CrateDB Fundamentals

Menu

Importing and Exporting Data

CrateDB Academy: CrateDB Fundamentals

 

There are several ways to bulk load data into CrateDB. In this video I will walk you through the different options and will look at a few ways to create records with the INSERT statement. We will also briefly consider the options available for bulk data export from CrateDB. CrateDB accepts bulk data imports from a variety of sources. You can use a local file, import data from a URL, or connect to the popular Amazon S3 or Azure Storage Container Services. Let's explore these, beginning with the CrateDB Cloud interface, then with the COPY FROM SQL statement. Finally, we'll learn how to populate a table in CrateDB by selectively copying data from an existing table.

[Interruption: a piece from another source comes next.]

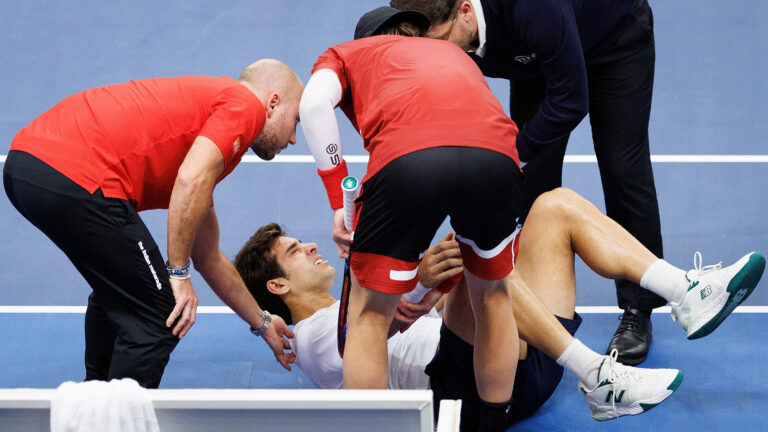 Chilean Cristian Garin, is helped by, Belgian captain Steve Darcis, Belgian Zizou Bergs and during a game between Belgian Bergs and Chilean Garin, the fourth match in the Davis Cup qualifiers World Group tennis meeting between Belgium and Chile, Sunday 02 February 2025, in Hasselt. BELGA PHOTO BENOIT DOPPAGNE (Photo by BENOIT DOPPAGNE/Belga/Sipa USA)

Before importing data, we first need to create a table. This SQL statement creates a table to hold details of Chicago's taxi fleet, and this file contains the fleet data in CSV format. Moving to the Import tab, we can see our import options. We're going to import from a file, but let's first look at some of the other options available to us. We can choose a URL or an S3 bucket, or we can import from Azure. In the case of Azure and S3, we can provide the appropriate secrets as necessary. Returning to the File tab, I'm going to drag and drop the file onto this area and you'll see that CrateDB's interface has inferred the file type. We can select other supported file types, and we can also choose whether or not the file is Gzip compressed.

Next, we need to provide a table name to import the data into. In our case it's taxis. We're all ready to go. So we'll click the import button here and the import job has started. Now we can see it succeeded. Let's move to the console and change this query for one that selects a few records in the table to demonstrate that they were in fact created. So SELECT * FROM taxis LIMIT 10. When we execute this, we can see that we got the first 10 taxis back and the data was in fact imported.

The COPY FROM statement is another way to import data into CrateDB. This method supports the file types and locations that we saw when importing a file previously. Let's use COPY FROM to populate our Chicago 311 calls table using a Gzip JSON file. It's a GitHub URL as the data source. First, I need to create the 311 calls table with this statement here. Then, run COPY FROM.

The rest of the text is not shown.